[Action item]: The listing below should be written out word for word, with its pictures removed.
(Beginning of Provided data)
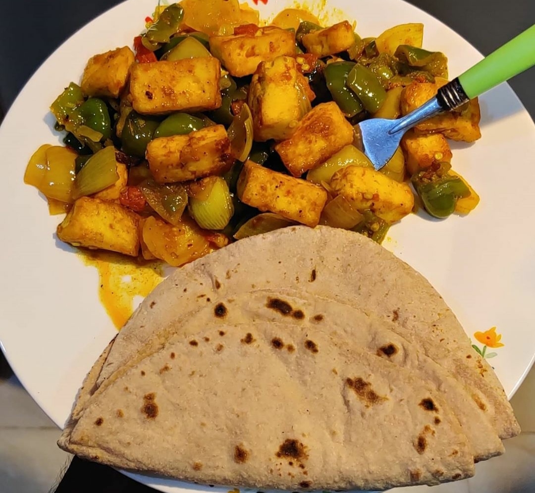 Yummy Chilly Paneer and Roti for the dinner.
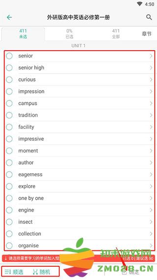 4、选择其一之后就可以顺选或者是随机选择需要学习的单词;
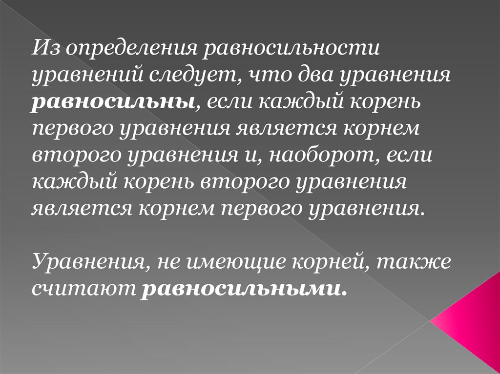 1)Если два уравнения равносильны, токаждое из них является следствием
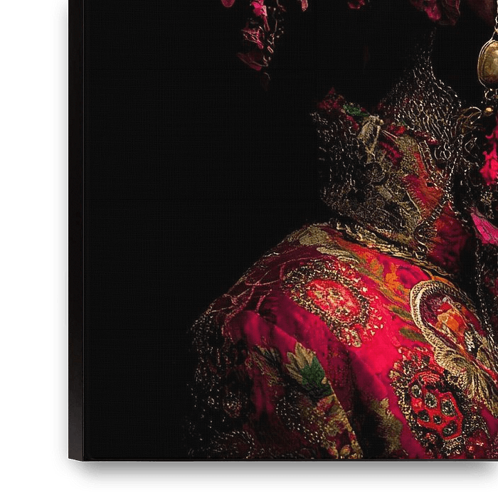 Parfait pour ceux qui recherchent un "portrait de femme avec couronne de fleurs", un "art de reine des fleurs à la peau foncée" ou une "décoration murale luxueuse avec portrait de fleurs". Le fond noir profond permet à sa beauté et aux fleurs de briller encore plus intensément. Idéal au-dessus d'un canapé, d'un buffet, d'un lit ou dans un couloir. C'est le pouvoir féminin à l'état pur et la splendeur naturelle sur votre mur.
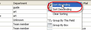 Left click on column header. To change the direction of sorting, left click on this column header again.
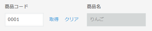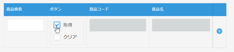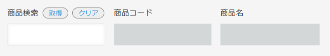 商品検索フィールドが検索ワードを入れるためのフィールドなので、「取得」「クリア」ボタンは「商品検索」フィールドに設置しましょう。「ボタンをフィールド名の右に配置する」を使えば省スペースになります!
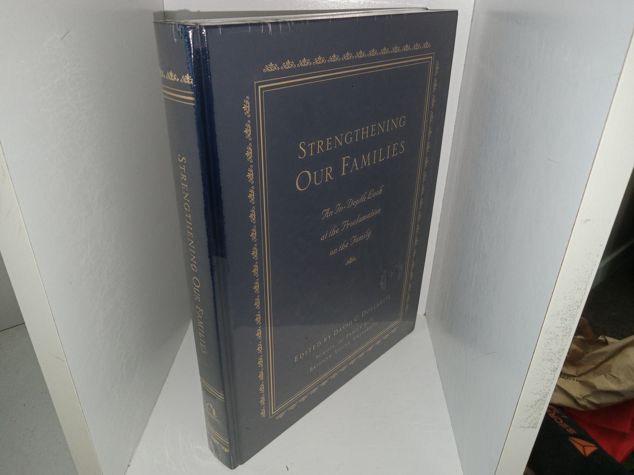 Brand new, large, dark blue hardcover with no dust jacket, kept withing its original plastic wrap. The plastic wrap has a long tear where the outer edges of the pages are, and some of these edges have small stains. The cover has some crushed corners from storage.
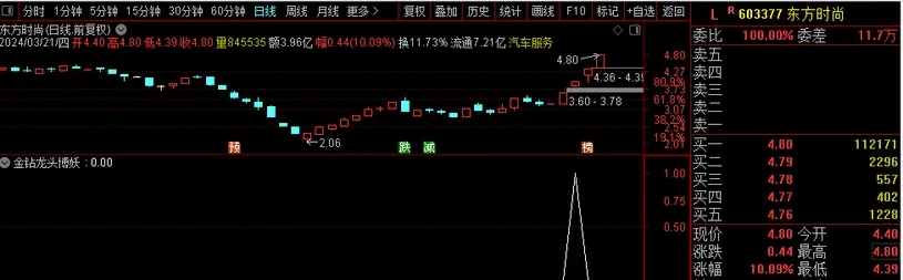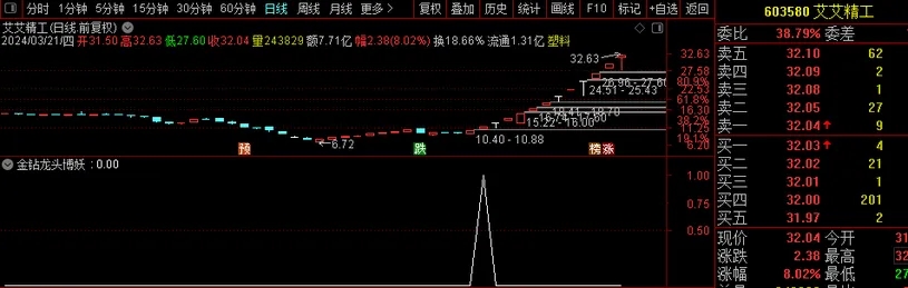 指标特点:出票少而精!市场热点连板龙头股均有捕获!贴近实战,一直以来是我们研究指标技术的基础,本指标同样采用强势趋势加速新思路编写,旨在寻求强势个股的转折反弹点,强势股在短暂整理后,会产生强烈的再次拉升意愿,指标以高效快速筛选支撑较强的个股信号并大幅提高信号实战胜率;
(End of Provided data)
[Your solution]:
 Yummy Chilly Paneer and Roti for the dinner.
 4、选择其一之后就可以顺选或者是随机选择需要学习的单词;
 1)Если два уравнения равносильны, токаждое из них является следствием
 Parfait pour ceux qui recherchent un "portrait de femme avec couronne de fleurs", un "art de reine des fleurs à la peau foncée" ou une "décoration murale luxueuse avec portrait de fleurs". Le fond noir profond permet à sa beauté et aux fleurs de briller encore plus intensément. Idéal au-dessus d'un canapé, d'un buffet, d'un lit ou dans un couloir. C'est le pouvoir féminin à l'état pur et la splendeur naturelle sur votre mur.
 Left click on column header. To change the direction of sorting, left click on this column header again.
 商品検索フィールドが検索ワードを入れるためのフィールドなので、「取得」「クリア」ボタンは「商品検索」フィールドに設置しましょう。「ボタンをフィールド名の右に配置する」を使えば省スペースになります!
 Brand new, large, dark blue hardcover with no dust jacket, kept withing its original plastic wrap. The plastic wrap has a long tear where the outer edges of the pages are, and some of these edges have small stains. The cover has some crushed corners from storage.
 指标特点:出票少而精!市场热点连板龙头股均有捕获!贴近实战,一直以来是我们研究指标技术的基础,本指标同样采用强势趋势加速新思路编写,旨在寻求强势个股的转折反弹点,强势股在短暂整理后,会产生强烈的再次拉升意愿,指标以高效快速筛选支撑较强的个股信号并大幅提高信号实战胜率;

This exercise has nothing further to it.